So it’s a good thing—essential, in fact—that there’s CO2 in Earth’s air, but we can absolutely have too much or too little, and the amount has fluctuated a lot over time. I wanted to reintroduce people to this thing they’ve heard about in the news and explain its vital role in shaping life on Earth.
I love the simplicity of the title you chose, The Story of CO2 Is the Story of Everything. But it really swings for the fences, doesn’t it? Like, “everything” is a very sweeping term! And I understand what you’re saying regarding planetary habitability and the fact of Earth’s carbon-based life. It’s harder, I think, to grasp and convey how humans come into the story, and one thing I love about your book is how adeptly you weave us into the fabric of this vastly bigger picture. Can you talk more about that?

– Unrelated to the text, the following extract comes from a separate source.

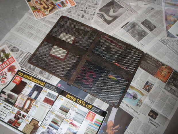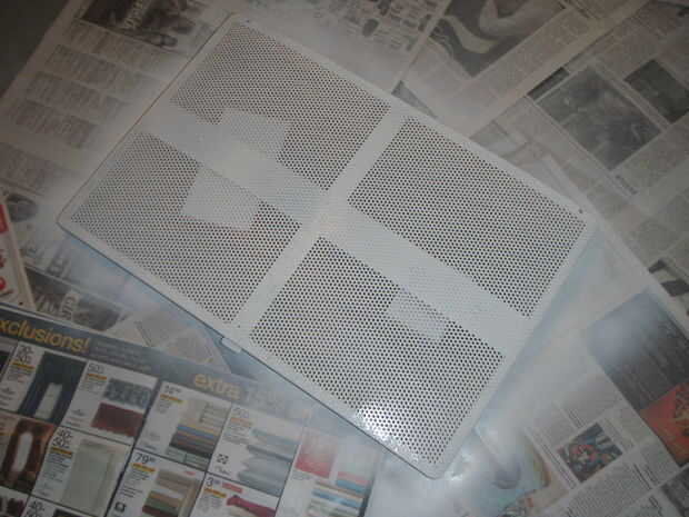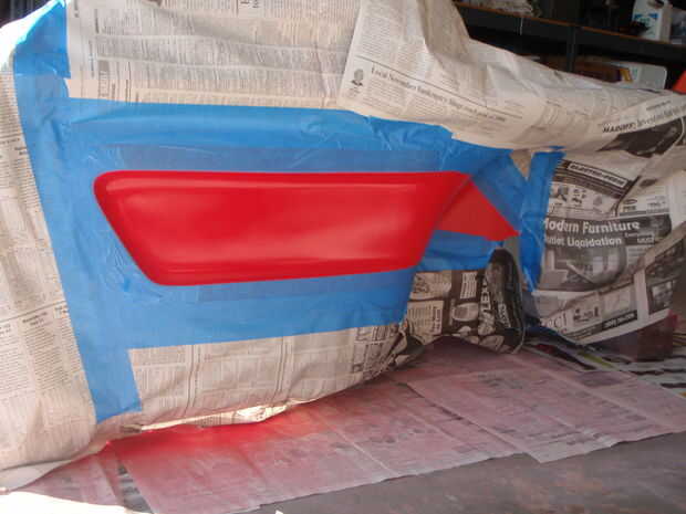 Aplicar las franjas con cinta las zonas a cada lado con cinta de pintor azul y luego establecer sobre que cubre el resto del carro con el periódico. He aplicado 2-3 capas con el satén blanco, y unas horas más tarde quita el periódico y la cinta.

Sure, and thank you. The idea is that to really understand the story of life on Earth, as well as what’s happening now with climate change, you need to understand this global carbon cycle I mentioned; life is etched in the flow of carbon all around our planet. And what I try to do in later parts of the book is describe how all of human history can be seen through this lens—so societies and empires, for instance, are composed of flows of carbon being organized in different ways. And the way our society and politics have developed across the past few centuries, it turns out, is closely connected with things such as how coal got into—and then how we got it back out of—the Appalachian Mountains or how oxygen got into Earth’s air. Seeing those connections can help explain how it was that humans came to be this geomorphological force on the planet—and how bizarre and important this moment in Earth history really might be.

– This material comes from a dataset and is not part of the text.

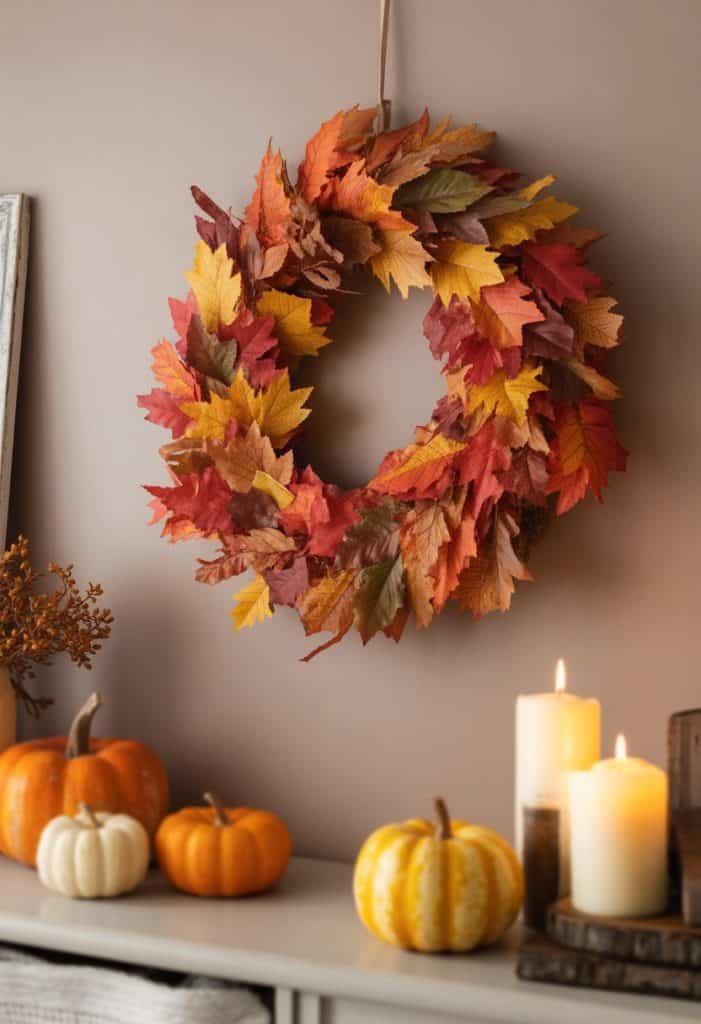 Make a wreath with colorful fall leaves—real or faux, whatever works. Attach them to a wire or grapevine base with hot glue.

What’s so extraordinary about our current moment is how one species on one branch of this gigantic tree of life has suddenly discovered this vast, ancient underground reservoir of carbon made by old life—and is lighting it all on fire. And that chemical reaction—burning carbon-rich organic matter with oxygen to make CO2 and release energy—is really the same thing that all aerobic life, all of Earth’s animals and plants, and so on, uses to drive its metabolism on a cellular level. We’re just doing this nightmarish, freakish version of it, where we’re suddenly combusting all of life’s leftover carbon from Earth’s history under our feet. We’ve sort of summoned these planetary forces into being by resurrecting the buried ghosts of all life that’s ever existed by bringing them back to the surface all at once.

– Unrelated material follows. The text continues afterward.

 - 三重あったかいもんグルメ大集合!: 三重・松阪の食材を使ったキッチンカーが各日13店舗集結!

This isn’t really a book about chemistry, but I need to add that the only way this all works at any scale is having lots of free oxygen in the atmosphere to react with the carbon. The air we breathe today is more than 20 percent oxygen, which is interesting because, for most of Earth’s history, there wasn’t nearly as much oxygen in the air. And it turns out that the rise of atmospheric oxygen isn’t as simple as some microbes figuring out photosynthesis a few billion years ago. You also have to constantly be burying a slow trickle of carbon—in dead plants and algae, in rocks and deep-sea sediments—to build the oxygen up in the air over hundreds of millions of years; otherwise the two react together, which draws oxygen back down. But if you lock that carbon up in the crust, oxygen will rise. Now, old plant stuff locked up in the crust, in those pockets where it’s economically exploitable, is better known as fossil fuel, right? I bet a lot of people don’t know that the reason why they can breathe is because there are fossil fuels under their feet.
I like to think of this interplay between carbon in the ground and oxygen in the air as making a big planetary-scale battery, where you get two parts of Earth—the really reactive, oxidizing atmosphere and the really reduced organic matter underground—out of equilibrium with each other, with lots of potential energy as a result. Then this weird fire creature suddenly shows up in the middle of these two reservoirs, and over the past few centuries, it’s learned how to reunite them to extract energy. So we’re talking about an almost instantaneous discharge of this huge planetary battery that took all of Earth history to build up.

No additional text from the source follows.